### The problem
The response must consist of the lines below from the one with "30Вт, гофрированные пластины" through the one with "Устройство для бытового", exactly as they appear and with both ends kept.

### The data

□ □ □ □ □ □ □

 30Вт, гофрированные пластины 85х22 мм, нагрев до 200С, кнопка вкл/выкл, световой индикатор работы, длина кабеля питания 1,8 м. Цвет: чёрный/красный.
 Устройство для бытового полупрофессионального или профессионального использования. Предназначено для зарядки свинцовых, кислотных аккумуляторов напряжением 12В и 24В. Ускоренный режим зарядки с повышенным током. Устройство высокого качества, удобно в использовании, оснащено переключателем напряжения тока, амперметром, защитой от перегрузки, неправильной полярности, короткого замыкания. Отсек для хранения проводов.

□ □ □ □ □ □ □

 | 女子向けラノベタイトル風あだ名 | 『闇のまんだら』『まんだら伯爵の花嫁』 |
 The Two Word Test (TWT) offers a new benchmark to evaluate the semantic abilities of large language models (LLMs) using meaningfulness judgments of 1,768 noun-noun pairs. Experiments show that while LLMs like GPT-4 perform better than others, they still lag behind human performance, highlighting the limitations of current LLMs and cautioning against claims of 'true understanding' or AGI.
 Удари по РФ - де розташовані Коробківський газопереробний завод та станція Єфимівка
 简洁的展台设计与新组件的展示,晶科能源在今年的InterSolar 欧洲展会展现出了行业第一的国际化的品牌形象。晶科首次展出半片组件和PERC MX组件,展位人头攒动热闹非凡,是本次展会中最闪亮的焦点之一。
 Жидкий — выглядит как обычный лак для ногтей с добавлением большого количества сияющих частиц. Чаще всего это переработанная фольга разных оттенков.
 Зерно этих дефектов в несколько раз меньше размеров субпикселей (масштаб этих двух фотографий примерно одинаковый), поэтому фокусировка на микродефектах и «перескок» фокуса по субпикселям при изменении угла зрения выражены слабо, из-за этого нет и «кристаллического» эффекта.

□ □ □ □ □ □ □

### Task response
 30Вт, гофрированные пластины 85х22 мм, нагрев до 200С, кнопка вкл/выкл, световой индикатор работы, длина кабеля питания 1,8 м. Цвет: чёрный/красный.
 Устройство для бытового полупрофессионального или профессионального использования. Предназначено для зарядки свинцовых, кислотных аккумуляторов напряжением 12В и 24В. Ускоренный режим зарядки с повышенным током. Устройство высокого качества, удобно в использовании, оснащено переключателем напряжения тока, амперметром, защитой от перегрузки, неправильной полярности, короткого замыкания. Отсек для хранения проводов.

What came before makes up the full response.